Once the mixture is smooth, work quickly to pass the mixture through a fine sieve.
Pour it into a 28cm x 7cm x 8.5cm deep terrine (we used a Le Creuset terrine).
5. Put the terrine on top of the tea towel in the roasting tin. Pour boiling water into the tin to halfway up the sides of the terrine (this is a bain marie). Quickly and lightly press a rectangle of baking paper on top of the mixture (to stop it rising as it cooks). Cover the top of the terrine with a layer of cling film, then foil – neither should trail in the water.
6. Put the roasting tin straight in the oven and cook for 1¾-2 hours until the terrine has a nice wobble and a digital thermometer pushed into the centre reads between 60°C-65°C (we recommend Thermapen).

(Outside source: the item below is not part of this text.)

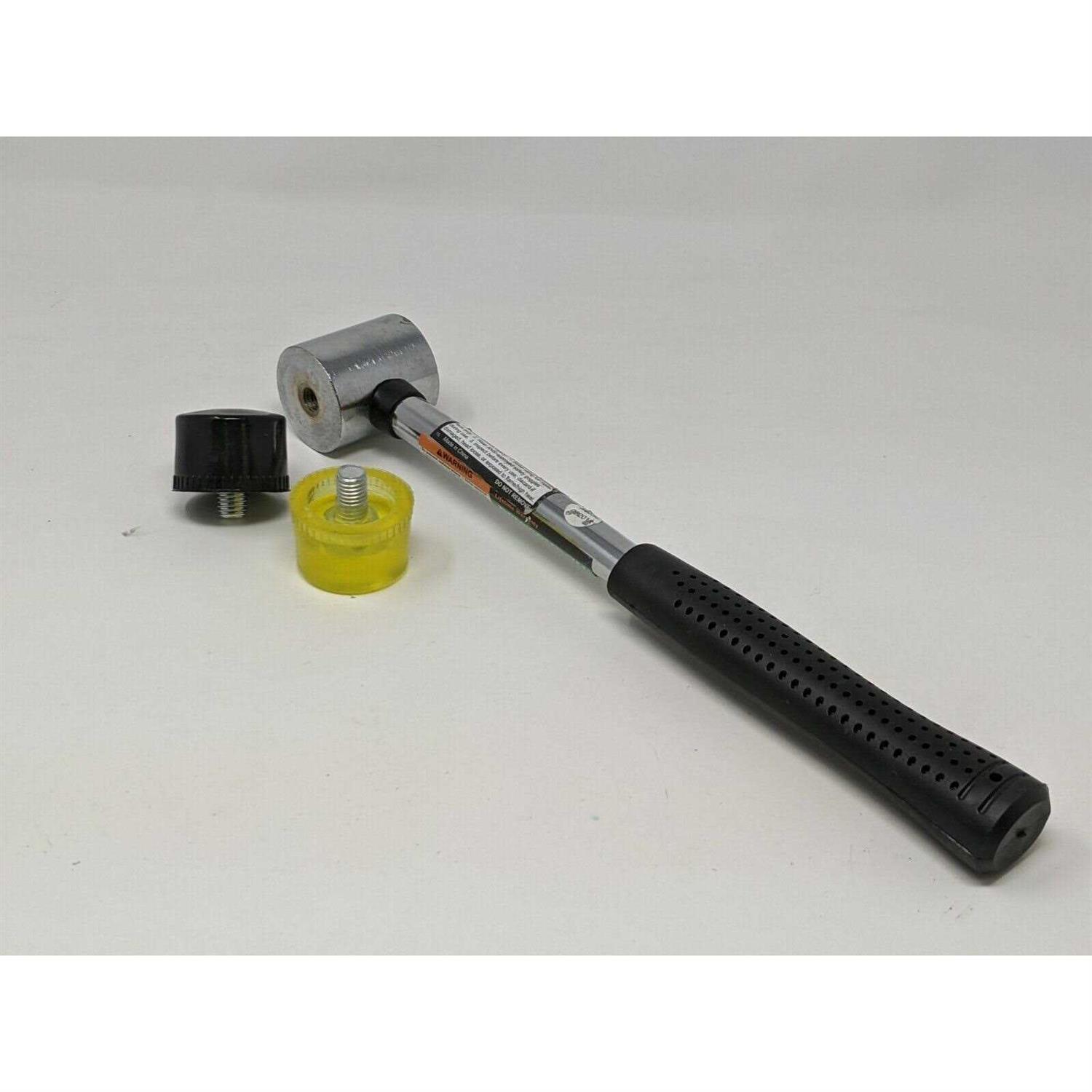 The soft face rubber mallet has two replaceable faces, one made of soft rubber and the other of high density plastic. The rugged chrome-plated head and tubular steel shaft are designed to stand up to heavy usage. This lightweight rubber mallet is nonsparking and features a molded cushion grip for comfort and shock absorption.

Remove the terrine from the oven. Leave to cool, then chill in the fridge overnight. (Don’t worry if it seems very wobbly when it comes out of the oven – the butter will solidify on cooling and the whole thing will firm up.)
7. The next day, spread a thin layer of the butter and oil mixture over the top of the parfait, then return to the fridge for the butter to harden (about 20-30 minutes). To turn out, run a hot, dry knife around the inside edges of the terrine. Briefly dip the terrine in a sink filled with hot water, then invert onto a board so the butter is at the bottom. If it won’t budge, keep running the hot knife around the edges of the parfait and give it a good shake when inverted to try to loosen the vacuum. Or run a chef’s blowtorch around the outside of the terrine to loosen the parfait.
8. Once out of the terrine, gently smooth the edges of the parfait and sharpen the corners with a small round-bladed knife. Return the parfait to the fridge for 20 minutes (or the freezer for 10 minutes) to harden, then remove and cover the remaining sides with a thin layer of the butter mixture, working quickly.
9. Return to the fridge for another 10-15 minutes, then slice with a hot, dry knife. Serve with toasted brioche and chutney.